Il dibattito sulla legalizzazione della Cannabis, avviato nei giorni scorsi nell’Aula della Camera, divide le associazioni che si occupano di contrasto alle dipendenze. Antigone: "Il parlamento alzi la testa e cambi strada". Papa Giovanni XXIII: "Crea dipendenza"

27 luglio 2016

- ROMA - Il dibattito sulla legalizzazione della Cannabis, avviato nei giorni scorsi nell’Aula della Camera dei deputati per la discussione generale (per l’esame del testo, con ritorno in Commissione, bisognerà invece attendere settembre), ha acceso il dibattito politico e diviso le associazioni che si occupano di contrasto alle dipendenze

Forte e compatto è cresciuto il fronte del no, tra associazioni, parlamentari e ministri che si schierano uniti alla Camera contro la proposta di legge.
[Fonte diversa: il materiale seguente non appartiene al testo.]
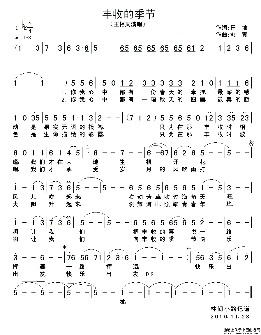 关于《丰收的季节》曲谱的评论

Giovanni Paolo Ramonda, presidente della Comunità Papa Giovanni XXIII, osserva: "Abbiamo sperimentato che la cannabis crea dipendenza soprattutto quando viene utilizzata in giovane eta' e oggi i ragazzini di 11-12 anni fanno uso di droga”. Per Alessandro Meluzzi, psichiatra, ex parlamentare e portavoce della Comunità incontro fondata da don Pierino Gelmini con la cannabis a portata di mano i giovani diventerebbero "zombie”. Per Antonio Tinelli, coordinatore del comitato sociale di San Patrignano legalizzare la cannabis è un'idea "altamente pericolosa dal punto di vista etico, sociale, legale, medico e sanitario. Un pericolo enorme per l'Italia e per le future generazioni”. Antonio Boschini, della stessa comunità, ricorda che “il 99% di persone che abbiamo avuto e abbiamo oggi in trattamento hanno avuto il primo contatto con la cannabis”.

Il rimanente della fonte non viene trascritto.